Simran leans into him and closes her eyes, not caring if anyone sees. Her father’s words still ring true—life’s too short to waste a single moment with the people she loves. Of which there are many. It’s almost funny to think that not long ago, she was certain she’d be left alone in the world.

That is, of course, still possible. But less likely, she thinks, if she stops pushing everyone away. Her cousin, her sister, her father, her friends, Rajan...she’s slowly learning how to let them in. The rest isn’t up to her.

And that, honestly, gives her a bit of peace.

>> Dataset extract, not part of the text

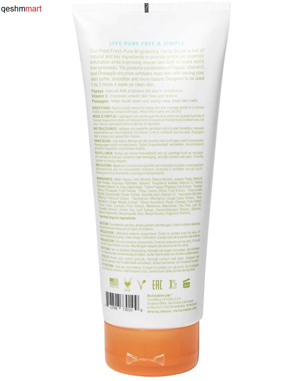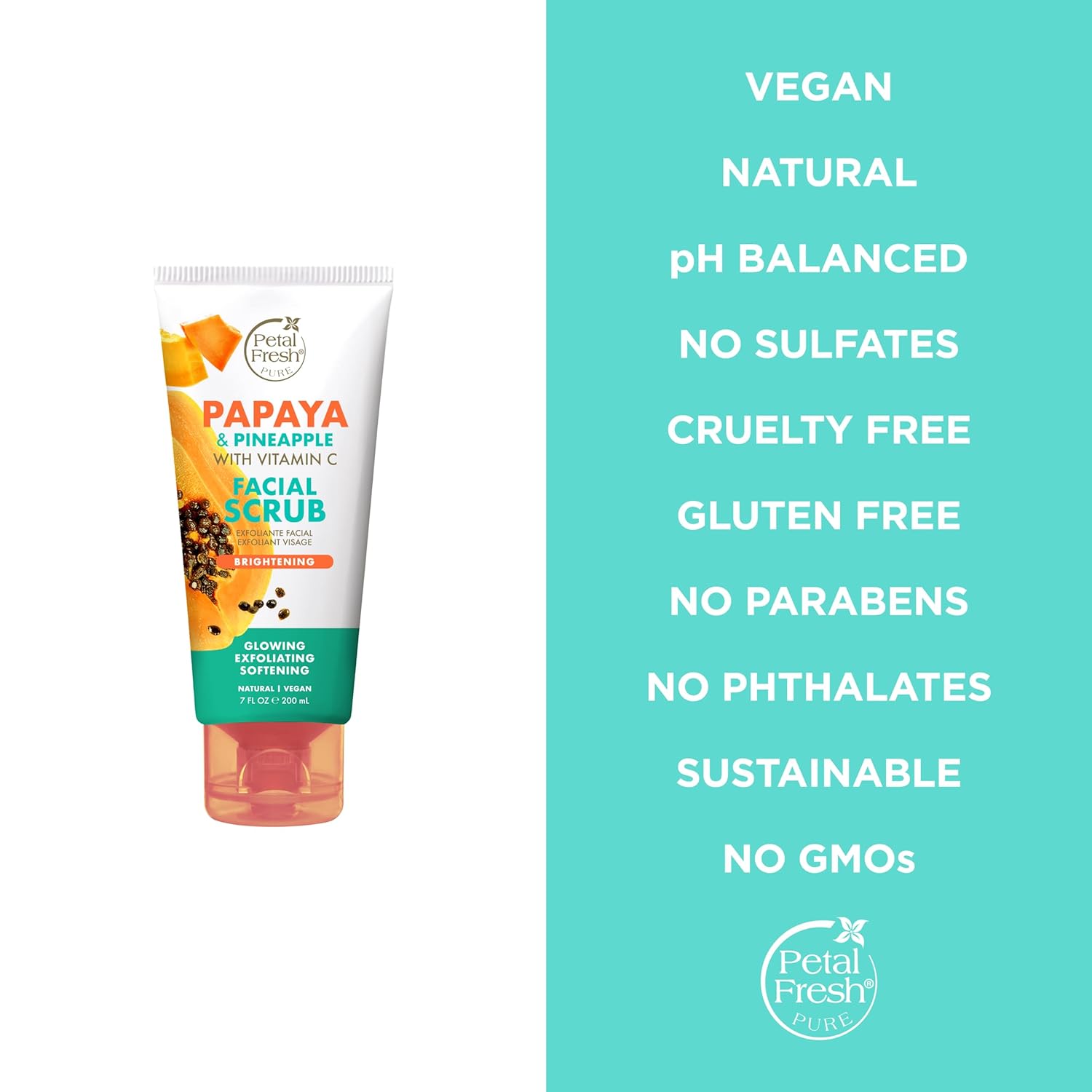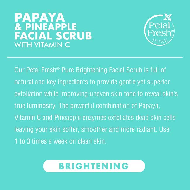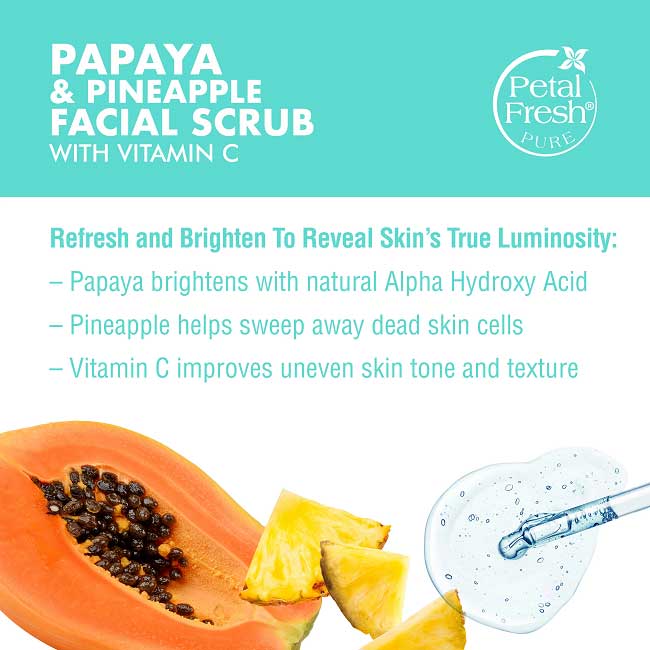 اسکراب روشن کننده صورت پاپایا و آناناس پتال فرش Petal Fresh Papaya Scrub دارای فرمول باکیفیت و حاوی عصاره های کاملا طبیعی و ارگانیک برای پاکسازی سلول های مرده و تیرگی های پوست و احیای پوستی لطیف، هموار و درخشان می باشد. اسکراب پتال فرش حاوی عصاره ارگانیک پاپایا متشکل از اسید میوه AHA برای روشن کنندگی پوست، عصاره آناناس ارگانیک متشکل از آنزیم های پاک کننده سلول های مرده پوست و ویتامین سی برای افزایش شفافیت و روشن کنندگی پوست می باشد. این فرمول همچنین بدون سولفات و مواد پاک کننده شیمیایی بوده و همراه با حفظ لطافت پوست دارای اثربخشی موثر است و پس از هر بار استفاده پوستی روشن، شفاف، لطیف و هموار خواهیم داشت.
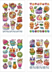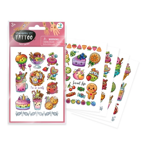 Decora tu cuerpo con preciosos tatuajes de colores inspirados en tus golosinas favoritas. ¡Fácil de aplicar y de retirar! 4 hojas de tatuajes ofrecen una amplia variedad de diseños.

Her eyes open. “What about that cabinet drawing is giving you trouble, anyway?”

Rajan smacks a kiss behind her ear before releasing her. “Don’t say I told you so, but those arched doors are beating my ass. I’ve cut the wrong-size pieces twice now.” He digs into his pocket with an air of defeat. “I think it has to do with the arc radius, but I can’t figure out what.”

Simran smiles and extends her hand. “Give me a pen.”